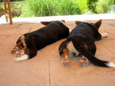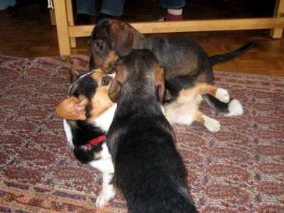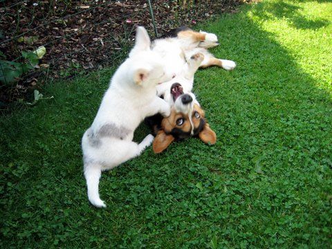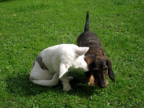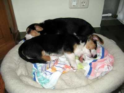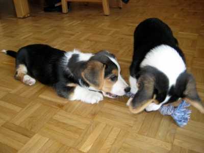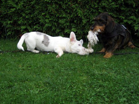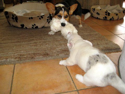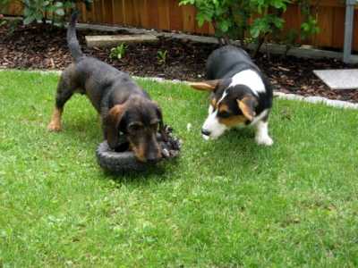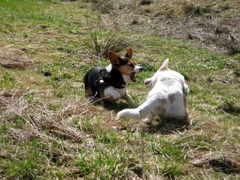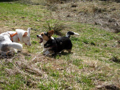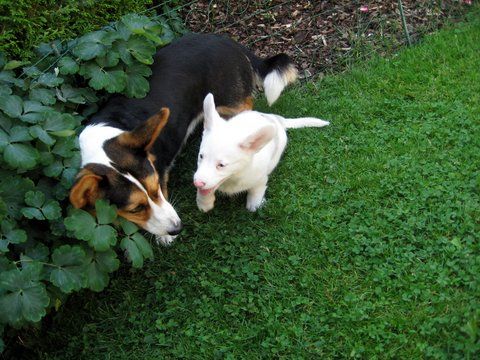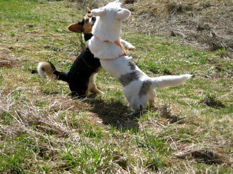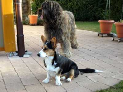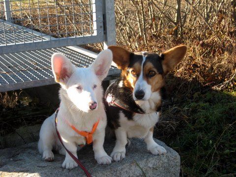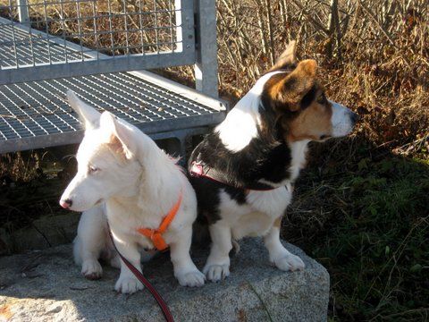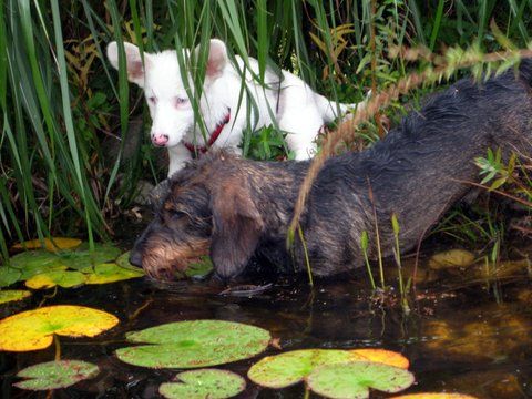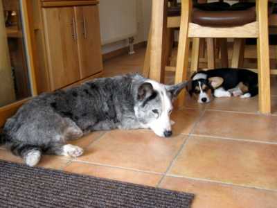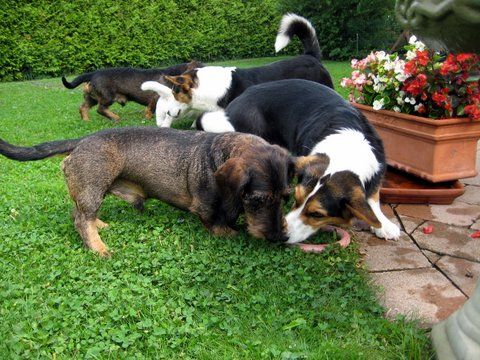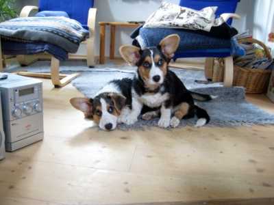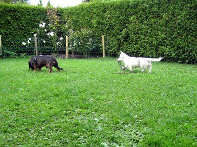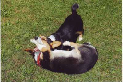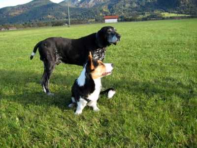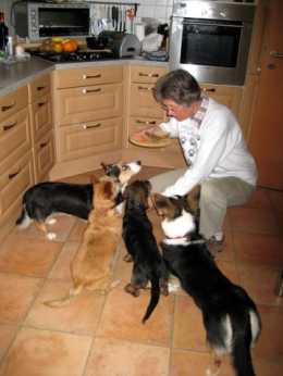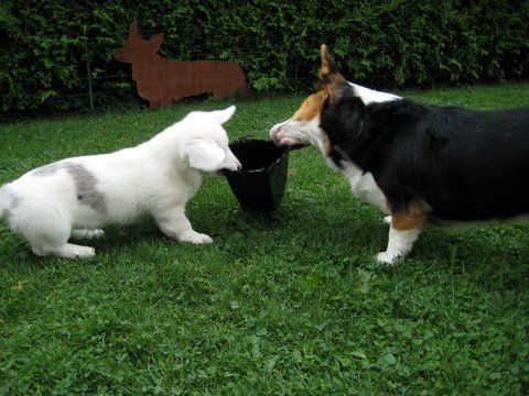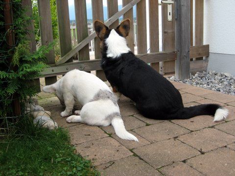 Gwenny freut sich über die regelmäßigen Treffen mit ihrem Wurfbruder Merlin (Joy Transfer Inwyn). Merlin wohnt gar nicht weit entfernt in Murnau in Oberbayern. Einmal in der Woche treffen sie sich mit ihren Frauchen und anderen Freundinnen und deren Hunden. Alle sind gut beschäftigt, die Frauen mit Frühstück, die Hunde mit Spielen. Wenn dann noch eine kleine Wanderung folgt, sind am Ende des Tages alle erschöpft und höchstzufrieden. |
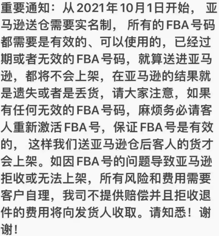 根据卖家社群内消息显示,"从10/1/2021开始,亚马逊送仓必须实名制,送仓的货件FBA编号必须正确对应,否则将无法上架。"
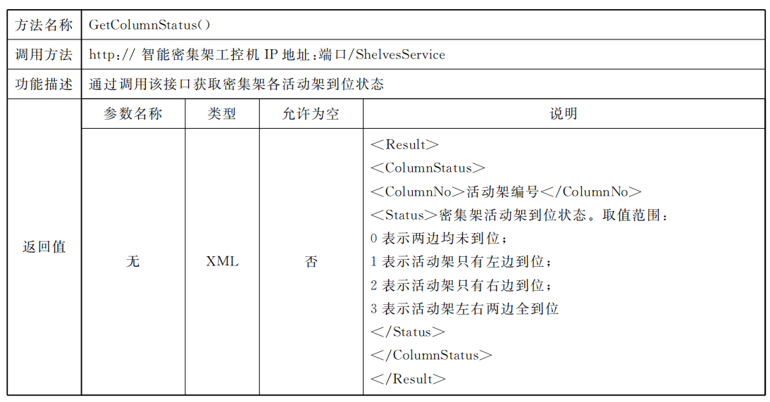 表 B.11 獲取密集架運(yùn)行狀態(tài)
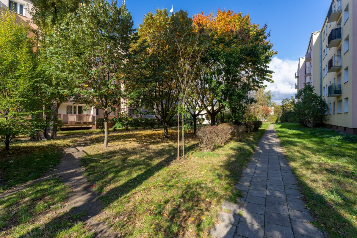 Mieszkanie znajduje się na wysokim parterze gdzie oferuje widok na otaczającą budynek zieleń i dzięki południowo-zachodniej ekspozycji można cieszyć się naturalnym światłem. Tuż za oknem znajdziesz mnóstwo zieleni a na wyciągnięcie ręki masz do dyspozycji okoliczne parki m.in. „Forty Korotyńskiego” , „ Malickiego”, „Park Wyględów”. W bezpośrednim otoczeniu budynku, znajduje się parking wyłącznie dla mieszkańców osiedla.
++++++++++
## [Required action]
Your answer must be an exact copy of the data above, minus its pictures.

## [Expected output]
 Gwenny freut sich über die regelmäßigen Treffen mit ihrem Wurfbruder Merlin (Joy Transfer Inwyn). Merlin wohnt gar nicht weit entfernt in Murnau in Oberbayern. Einmal in der Woche treffen sie sich mit ihren Frauchen und anderen Freundinnen und deren Hunden. Alle sind gut beschäftigt, die Frauen mit Frühstück, die Hunde mit Spielen. Wenn dann noch eine kleine Wanderung folgt, sind am Ende des Tages alle erschöpft und höchstzufrieden. |
 根据卖家社群内消息显示,"从10/1/2021开始,亚马逊送仓必须实名制,送仓的货件FBA编号必须正确对应,否则将无法上架。"
 表 B.11 獲取密集架運(yùn)行狀態(tài)
 Mieszkanie znajduje się na wysokim parterze gdzie oferuje widok na otaczającą budynek zieleń i dzięki południowo-zachodniej ekspozycji można cieszyć się naturalnym światłem. Tuż za oknem znajdziesz mnóstwo zieleni a na wyciągnięcie ręki masz do dyspozycji okoliczne parki m.in. „Forty Korotyńskiego” , „ Malickiego”, „Park Wyględów”. W bezpośrednim otoczeniu budynku, znajduje się parking wyłącznie dla mieszkańców osiedla.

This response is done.